Results: History of influenza immunization was positively associated with intent to immunize during pregnancy [OR = 2.31, 90%CI: (1.06, 5.00)]. Significant correlates of intention to immunize included perceived susceptibility to influenza during pregnancy [OR = 3.8, 90% CI: (1.75, 8.36)] and vaccine efficacy [OR = 10.53, 90% CI: (4.34, 25.50)]. Single message exposure did not influence a woman's intent to vaccinate.
Conclusions: Prior immunization, perceived flu susceptibility and perceived vaccine effectiveness promoted immunization intent among this population of pregnant minority women. Vaccine efficacy and disease susceptibility are critical to promoting immunization among women with no history of seasonal influenza immunization, while those who received the vaccine are likely to do so again. These findings provide evidence for the promotion of repeated exposure to vaccine messages emphasizing vaccine efficacy, normative support, and susceptibility to influenza.
Introduction
Despite recommendations that pregnant and expecting women receive the trivalent inactivated influenza vaccine,Citation1-3 racial and ethnic minority groups have significantly lower rates of immunization, as well higher rates of influenza-related deaths and complications, as compared with Whites.Citation4-7 Black/African American as well as Hispanic pregnant women and infants experience a higher burden of morbidity, mortality, and hospitalizations due to influenza.Citation4,Citation8-13 Incidence data from 2010–2011 points to greater influenza-related mortality among Hispanic infants (68 cases per 100,000 population) compared with non-Hispanics (39 cases per 100,000).Citation8,Citation14-16
Despite improvements in access to care (i.e., free vaccinations and free prenatal care), disparities in immunization coverage have not been eliminated. One method that has been studied as a way to change health behavior is message framing, backed by Prospect Theory,Citation17-20 which posits that individuals tend to avoid risks when considering gains and prefer risks when considering losses.Citation21 Thus, successful gain-framed messages promote the benefits of taking a risk (i.e., immunization during pregnancy), while loss-framed messages depict the costs of forgoing risk.Citation22 Studies have found that gain-framed messages are most effective in promoting preventive health behavior such as immunization, compared with loss-framed messages, which are most effective in promoting detection practices such as Pap smears.Citation22-26 To our knowledge, message framing has not been systematically evaluated on maternal and infant immunization outcomes among minority women.Citation27-29
In addition, marketing and communication analyses indicate that individuals are more likely to acquire the product of interest after repeated message exposure.Citation30 While single exposure may draw attention to the product, decision to engage in the proposed behavior comes after a second or third exposure to the message.Citation31 Regular communication with a target population “early, often, and fully”Citation31 establishes trust and builds credibility, in addition to fostering a positive attitude toward the proposed behavior or product. In order to promote immunization among women with no history of seasonal influenza immunization, single message exposure is expected to be less effective than repeated exposure to vaccine promotion messages.
Results
Overall, most women reported that they were unlikely to obtain influenza immunization (74.1%, n = 186) and a smaller proportion (25.9%, n = 65) were likely to obtain it during pregnancy. The study population consisted primarily of Black/African American women (88.8%, n = 221), as well as Hispanic/Latina women (6.8%, n = 17) and Multiracial/other women (4.4%, n = 11). () The majority of participants were between 18 to 25 y old (54.8%, n = 136) and living in lower-income households with total earnings among family members comprising ≤$20,000 per year (68.4%, n = 162). Fifty-six percent of participants (n = 139) indicated that they were unemployed and 51.2% (n = 128) achieved high school or equivalent education. Most participants reported their relationship status as single or never married (72.4%, n = 181).

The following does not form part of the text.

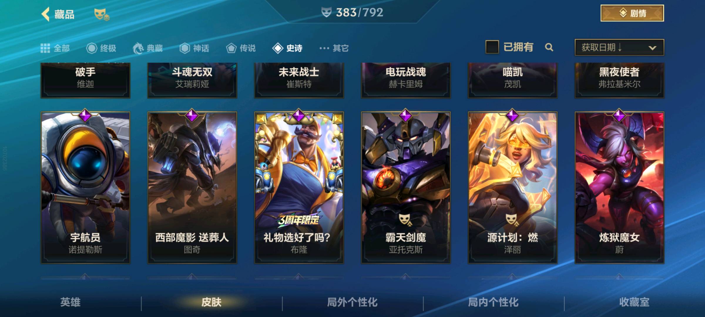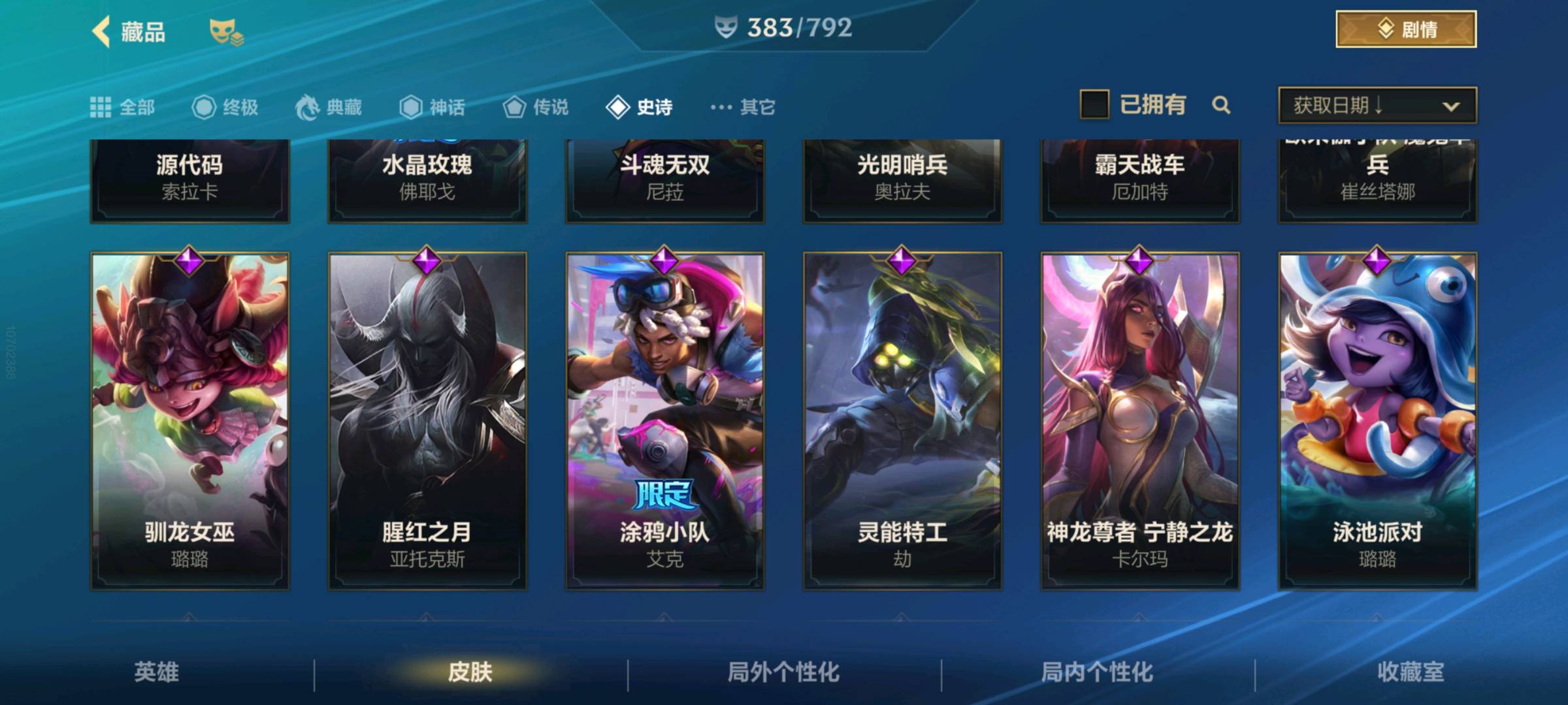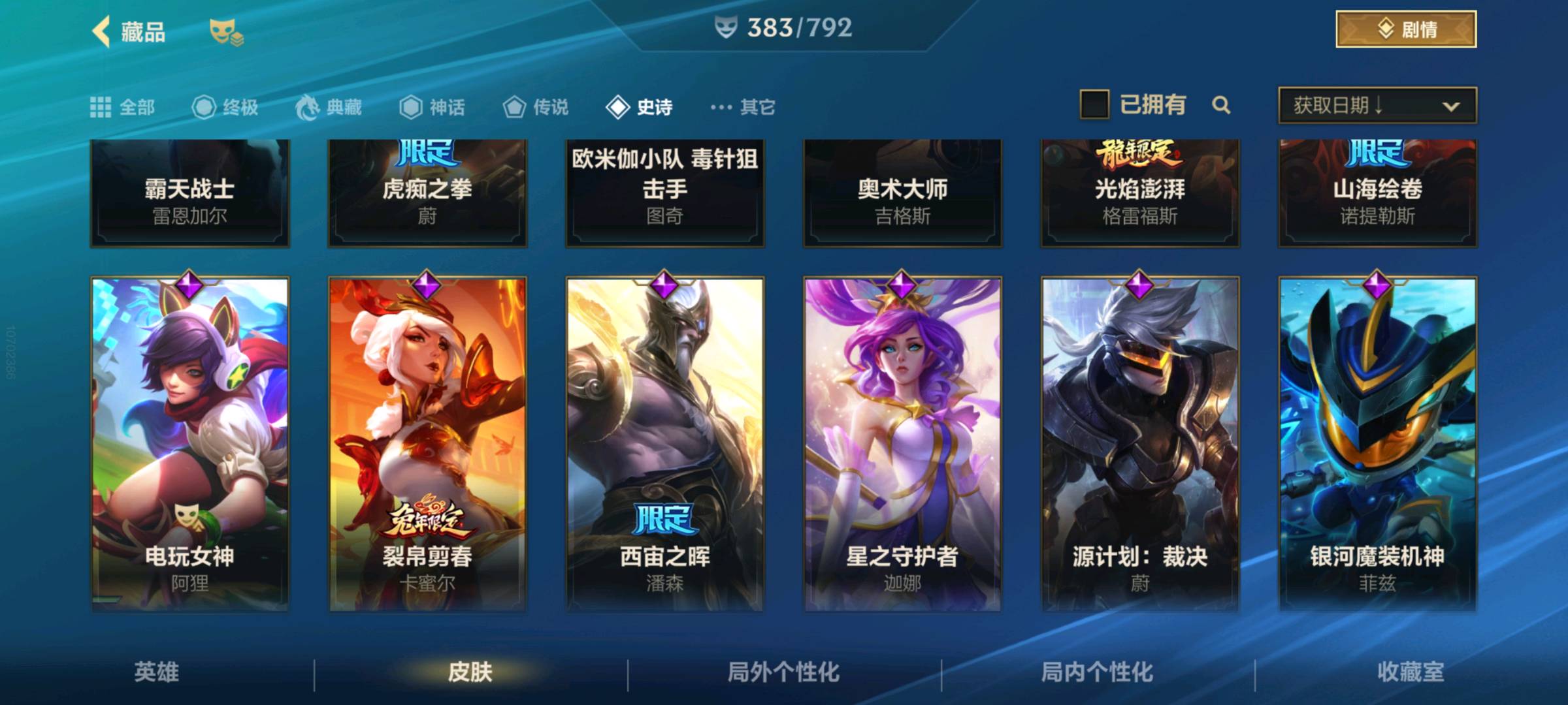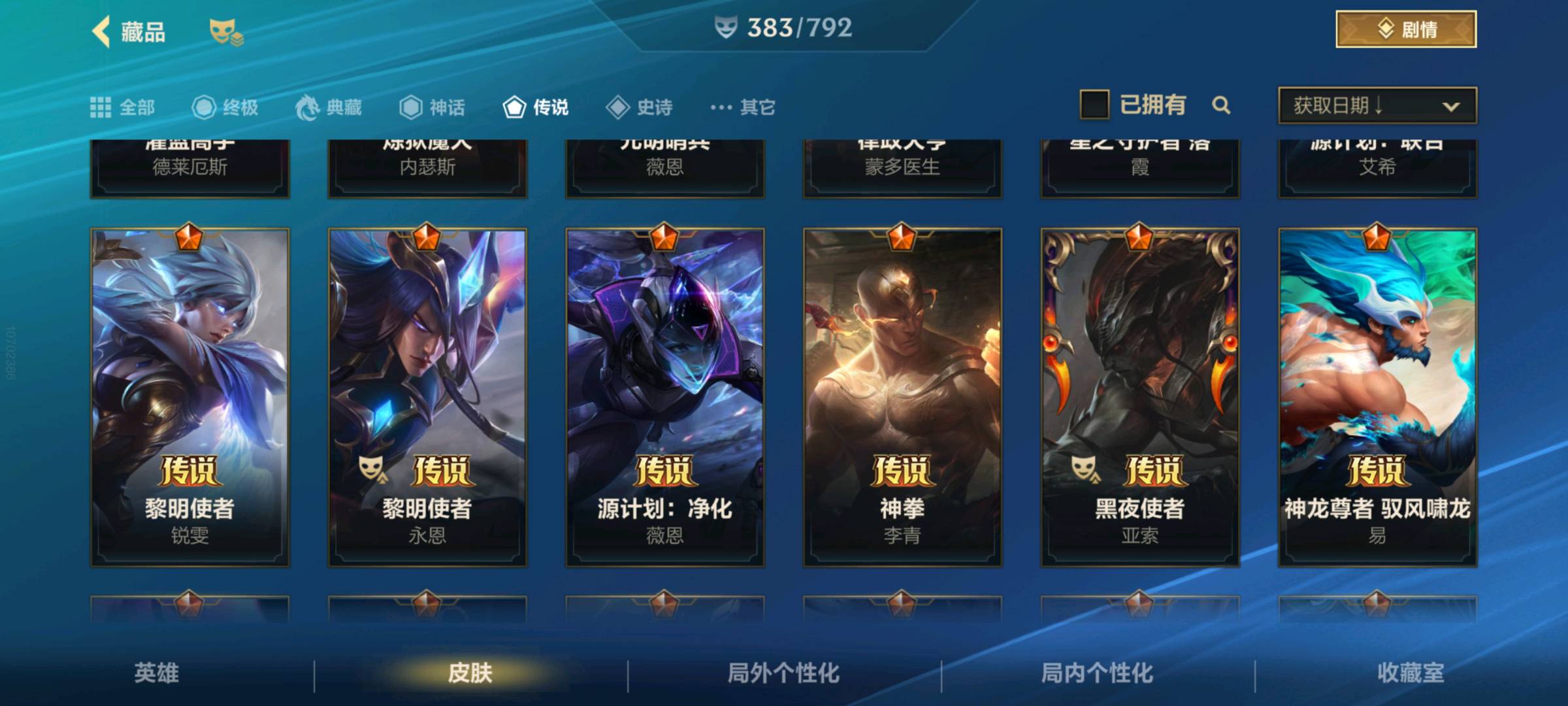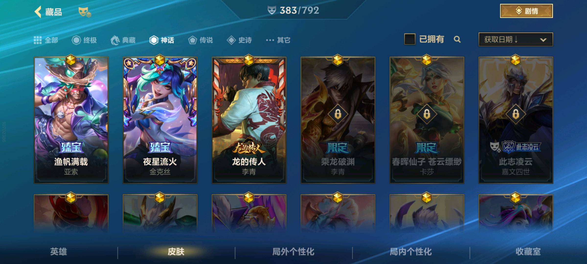 【安卓】 【允许排位】383皮肤/3神话/36传说/191级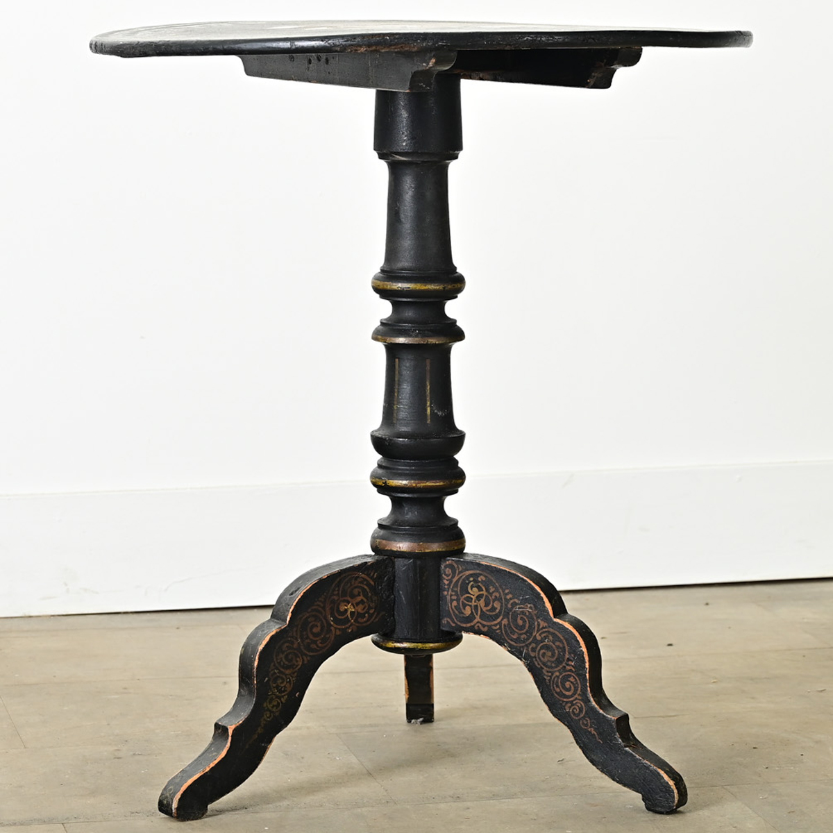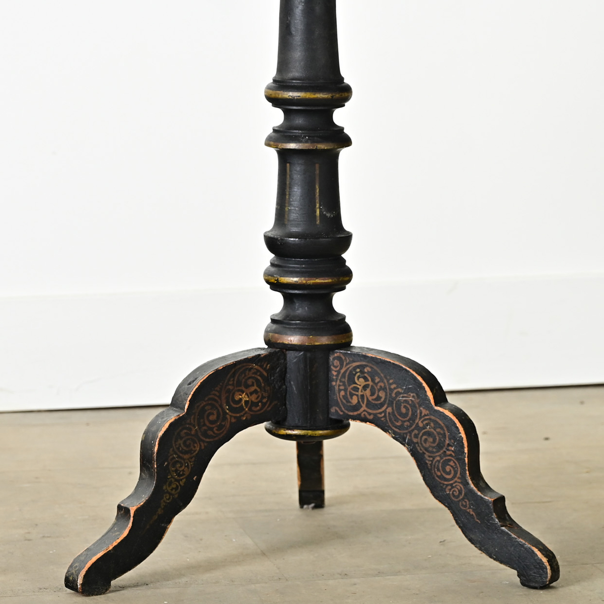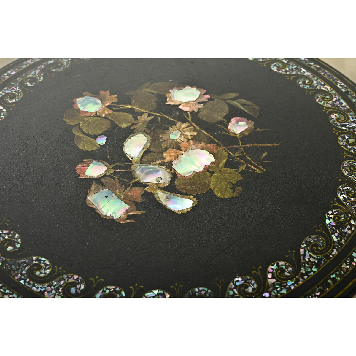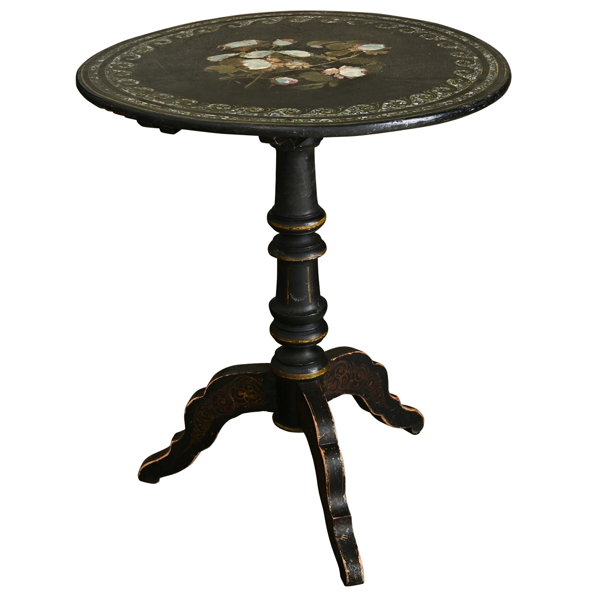 A magnificent English Victorian tea table (late 19th century) of ebonized wood and inlaid with mother-of-pearl on the surface. Deep ebonized color & texture of the wood contrasts beautifully with the kaleidoscopic inlay of mother-of-pearl tesserae arranged in cresting waves around the circumference and as larger pieces of shell accenting the handpainted floral decoration in the center. A turned wood support column is given definition by little rings of gold as it widens to a tripod base decorated with scrolling motifs. Note that the tilting mechanism has been stabilized at some point in history, meaning the table is fixed flat and no longer pivots. Please view the detailed images to see the current condition.

Table 1. Sociodemographics by treatment group of those who ranked their likelihood to vaccinate while pregnant
We do acknowledge that there is a significant difference observed in women's relationship status among the gain-frame, loss-frame, and control group. Fewer married participants or participants with domestic partners were in loss-frame group. We also note that 8 participants who were divorced or separated were also from the loss-frame group.
Main study findings
Among women who believed that the influenza vaccine was over 80 percent effective, there was a 10-fold increase in intention to obtain an influenza vaccine during their pregnancy compared with those who believed the vaccine to be less effective against influenza [OR = 10.53, 90% CI: (4.34, 25.50)] (). For example, a woman who believed the vaccine was highly effective had a 30% to 60% increase in likelihood of later obtaining it. Respondents were more likely to indicate intent to immunize if they perceived higher susceptibility of becoming ill with influenza during pregnancy [OR = 3.83, 90% CI: (1.75, 8.36)]. Women with normative support surrounding immunizations expressed greater intent to obtain the seasonal influenza vaccine than those who did not [OR = 3.27, 90% CI: (1.48, 7.26)]. There was a 2.3-fold increase in intention to immunize during pregnancy among women who had been immunized against influenza within the past five y compared with those who had not obtained influenza immunization in the past 5 y [OR = 2.31, 90% CI: (1.06, 5.00)].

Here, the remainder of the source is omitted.